Simenon - Le Roman d'une vie

D ans un modeste appartement, au cœur d’un quartier populaire de Liège, un père demande à son fils ce qu’il voudrait être plus tard. Militaire ? Pourquoi pas. Prêtre ? Non, car ils vivent seuls, sans femmes. Peut-être écrire des livres, lui qui en lit tant : Les trois mousquetaires, David Copperfield, Le Mystère de la chambre jaune, et bien d’autres. Georges imagine enlever Milady ou arpenter les routes anglaises. Monsieur Simenon se contente de sa vie simple d’employé en assurances, retrouvant fauteuil et journal le soir. Son épouse, issue d’une famille bourgeoise déclassée, rêve d’une meilleure condition. Elle élève ses deux fils dans l’obsession de l’argent et la crainte du syndicalisme et de l’anarchie. Georges aime la liturgie mais ne s’embarrasse guère de la foi. La perte de son pucelage, dans la campagne liégeoise, à l’initiative d’une jeune effrontée rousse, annihile le projet maternel de le faire entrer dans les ordres. Il n’en fait qu’à sa tête : il deviendra écrivain. Pour ce faire, il imite Rouletabille : être d’abord reporter. Âgé de seize ans, il entre à La Gazette de Liège, journal catholique et traditionnaliste, au sein duquel il se fait rapidement remarquer.
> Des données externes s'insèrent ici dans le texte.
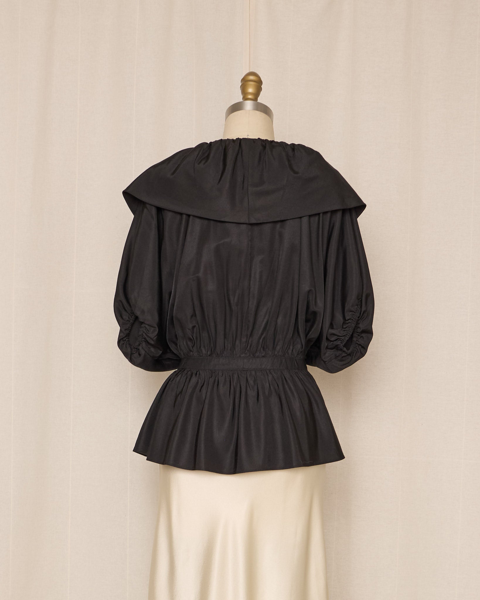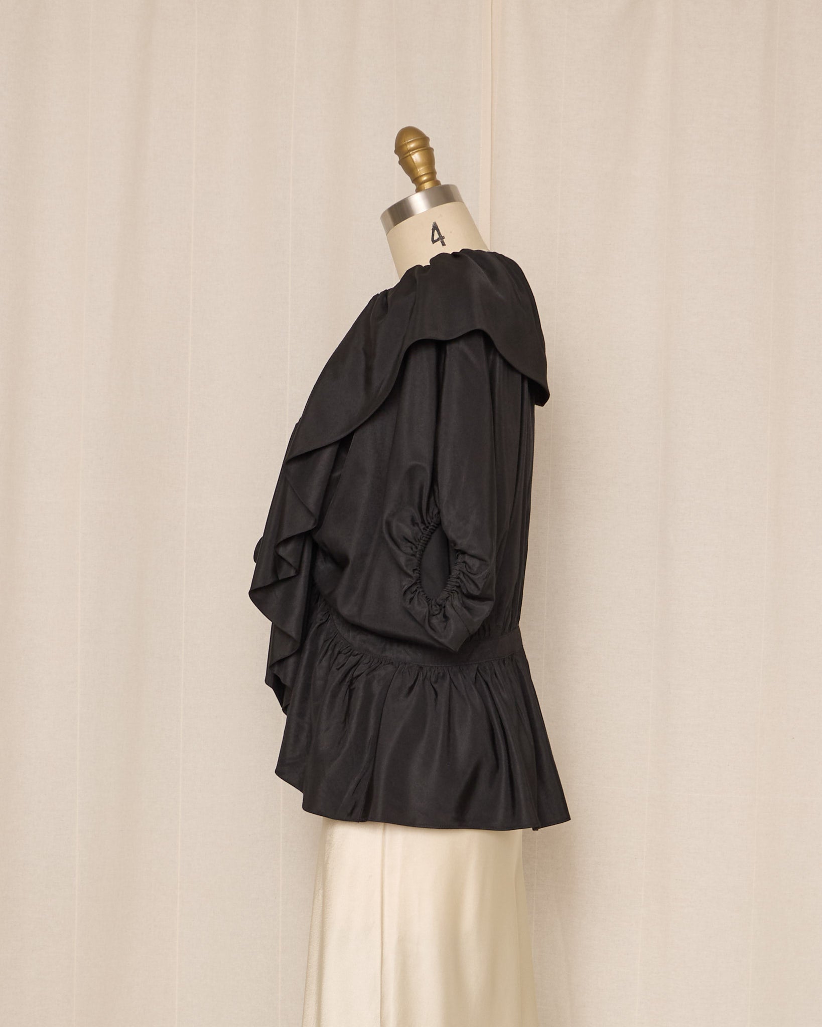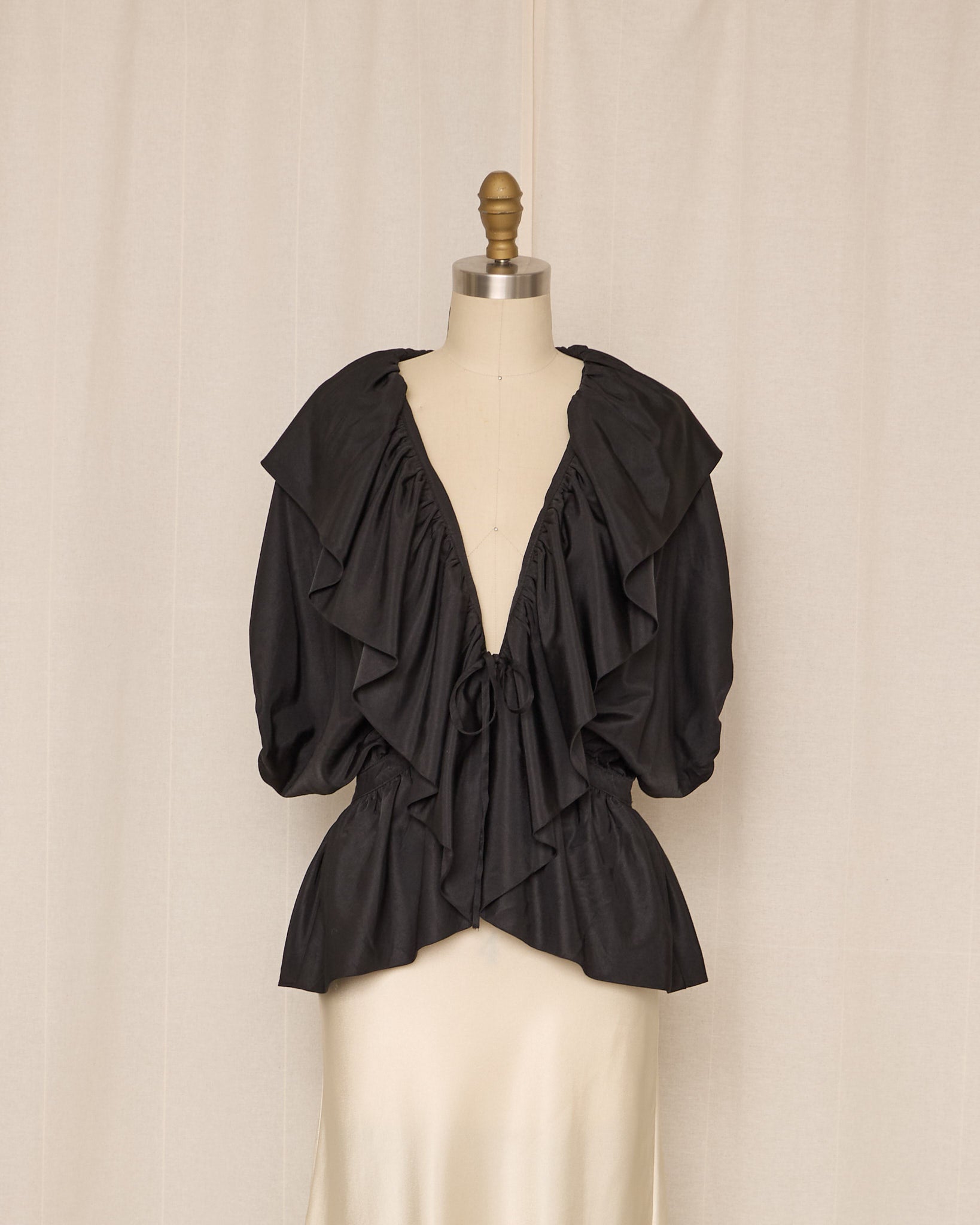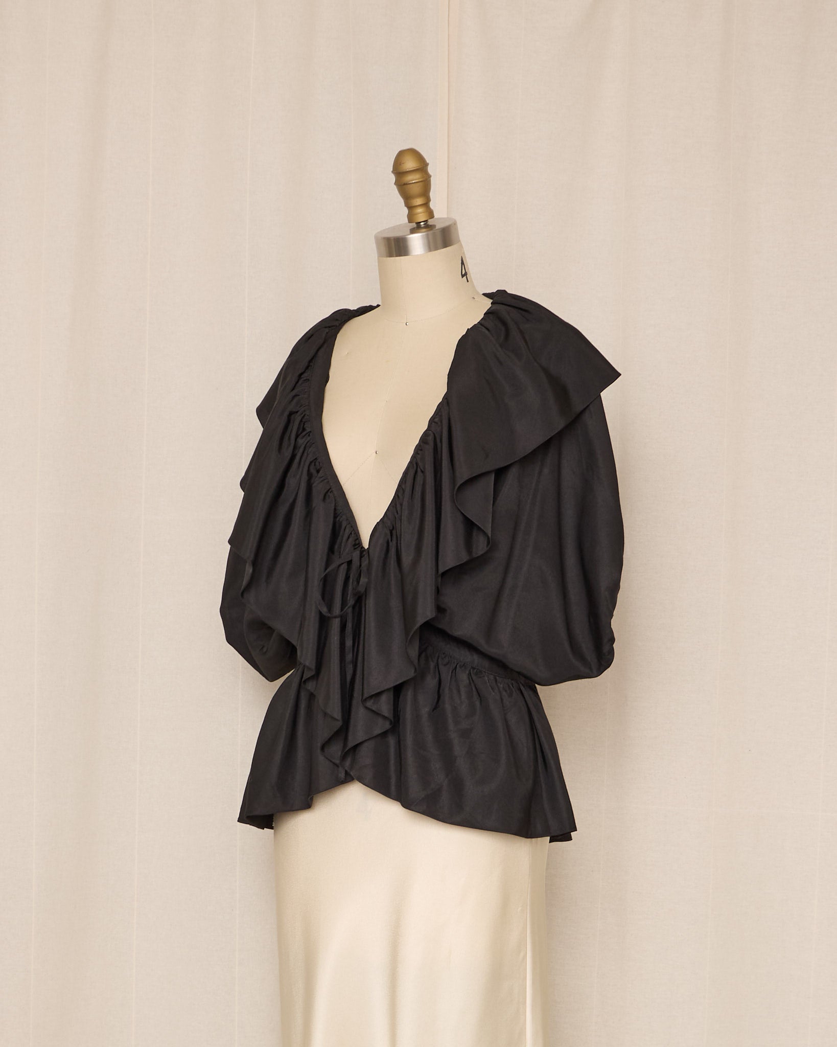Black cocoon-style top featuring oversized ruffle trim along a deep-V neckline, voluminous sleeves, and a cinched waist for a sculpted silhouette. Designed with a front tie closure.

S’attaquer à la biographie de Georges Simenon (1903-1989) est ambitieux et audacieux. En effet, le parcours de l’homme ne se résume pas à une silhouette penchée sur une machine à écrire. Il a voyagé, s’est maintes fois remis en question, a multiplié les conquêtes féminines, a été une star. Il fut opportuniste et s’est vendu au plus offrant. Il s’est construit une destinée à coup de mots, de phrases et de livres. C’est ce défi que Rodolphe (Les Écluses du ciel, Kenya) et Christian Maucler (Les Enquêtes du commissaire Raffini) ont décidé de relever, le limitant cependant à la période allant de l’enfance au bal anthropométrique du 20 février 1931. L’itinéraire de l’auteur prolifique y est retracé de Liège à Paris, de la rubrique « Le saviez-vous? » aux nouvelles coquines, puis aux romans « à-quatre-sous », jusqu’aux premiers Maigret. Le fil est suivi, du pisse-copie au romancier, même s’il manque des paramètres fondamentaux, tels que sa relation exécrable avec sa mère, la gêne de n’être pas né du bon côté de la Meuse, dans la ville wallonne, ou la connaissance des petites gens, dont il alimentera son œuvre littéraire.

De ce fait, le rythme de la narration est parfois trop alerte, glisse rapidement sur des épisodes qui permettraient de comprendre l’homme et ses écrits en profondeur, juxtapose artificiellement des situations, que le néophyte aura des difficultés à relier. Le dessin de Maucler, dans une veine réaliste et sobre, soutient le récit, restant néanmoins trop en retrait, n’accrochant pas le regard. Davantage d’audace n’aurait pas été hors sujet. Ponctuellement, le dessinateur est en difficulté sur certaines proportions ou perspectives, ce qui demeure fâcheux. Simenon, le roman d’une vie ne tient pas toutes ses promesses. L’album est à l’image de sa couverture, qui met en exergue un des épisodes les plus caricaturaux de sa carrière (l’écriture d’un roman en public et enfermé dans une cage de verre). Il constitue une bonne entrée en matière, mais la véritable mise en image de l’histoire de cet artiste hors norme reste à écrire.